Source data -
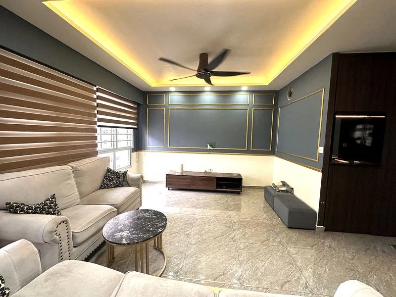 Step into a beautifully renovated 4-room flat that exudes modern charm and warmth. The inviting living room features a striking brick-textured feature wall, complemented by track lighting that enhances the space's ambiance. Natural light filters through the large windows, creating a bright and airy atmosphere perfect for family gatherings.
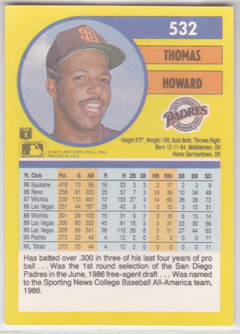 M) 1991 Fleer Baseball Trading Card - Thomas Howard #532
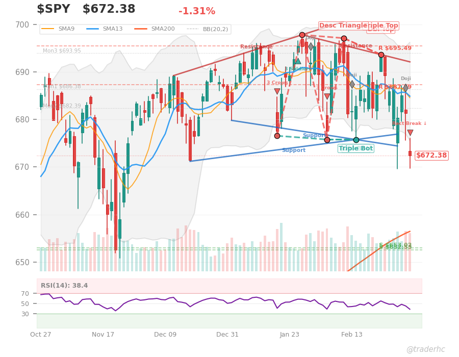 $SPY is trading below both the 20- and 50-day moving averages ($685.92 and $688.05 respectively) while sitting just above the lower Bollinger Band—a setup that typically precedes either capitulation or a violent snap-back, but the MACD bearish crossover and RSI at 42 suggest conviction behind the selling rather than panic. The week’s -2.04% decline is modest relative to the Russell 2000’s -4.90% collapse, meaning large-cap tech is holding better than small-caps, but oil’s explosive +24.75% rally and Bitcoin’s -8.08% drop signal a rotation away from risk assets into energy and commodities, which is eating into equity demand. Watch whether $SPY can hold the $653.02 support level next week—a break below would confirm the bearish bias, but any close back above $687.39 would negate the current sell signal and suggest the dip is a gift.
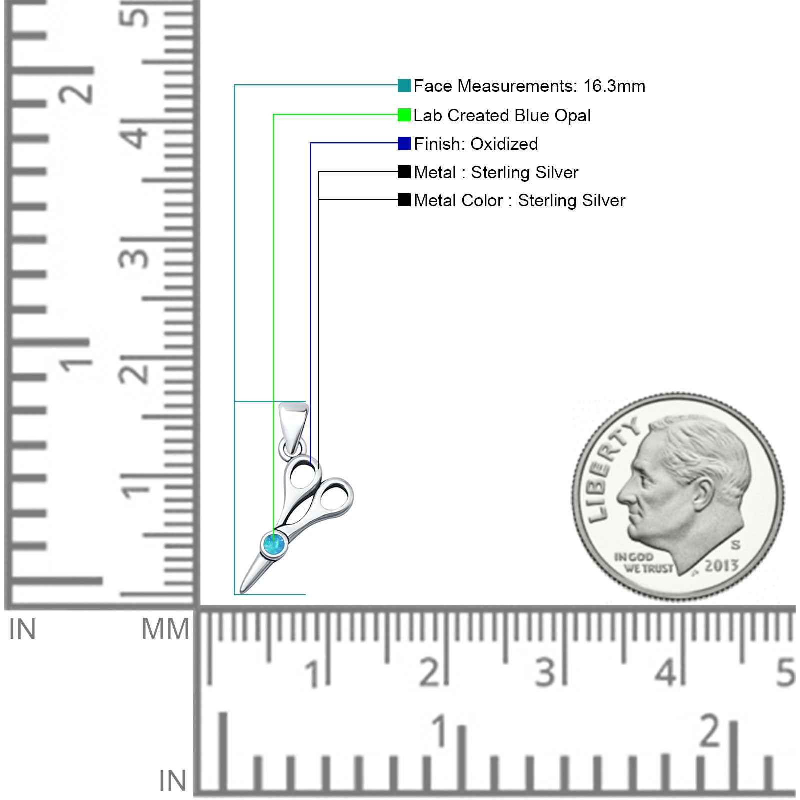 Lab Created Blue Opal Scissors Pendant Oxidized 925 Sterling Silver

What the task requires - In your copy, omit the pictures and restate every line of the data word for word.

Output for this task -
 Step into a beautifully renovated 4-room flat that exudes modern charm and warmth. The inviting living room features a striking brick-textured feature wall, complemented by track lighting that enhances the space's ambiance. Natural light filters through the large windows, creating a bright and airy atmosphere perfect for family gatherings.
 M) 1991 Fleer Baseball Trading Card - Thomas Howard #532
 $SPY is trading below both the 20- and 50-day moving averages ($685.92 and $688.05 respectively) while sitting just above the lower Bollinger Band—a setup that typically precedes either capitulation or a violent snap-back, but the MACD bearish crossover and RSI at 42 suggest conviction behind the selling rather than panic. The week’s -2.04% decline is modest relative to the Russell 2000’s -4.90% collapse, meaning large-cap tech is holding better than small-caps, but oil’s explosive +24.75% rally and Bitcoin’s -8.08% drop signal a rotation away from risk assets into energy and commodities, which is eating into equity demand. Watch whether $SPY can hold the $653.02 support level next week—a break below would confirm the bearish bias, but any close back above $687.39 would negate the current sell signal and suggest the dip is a gift.
 Lab Created Blue Opal Scissors Pendant Oxidized 925 Sterling Silver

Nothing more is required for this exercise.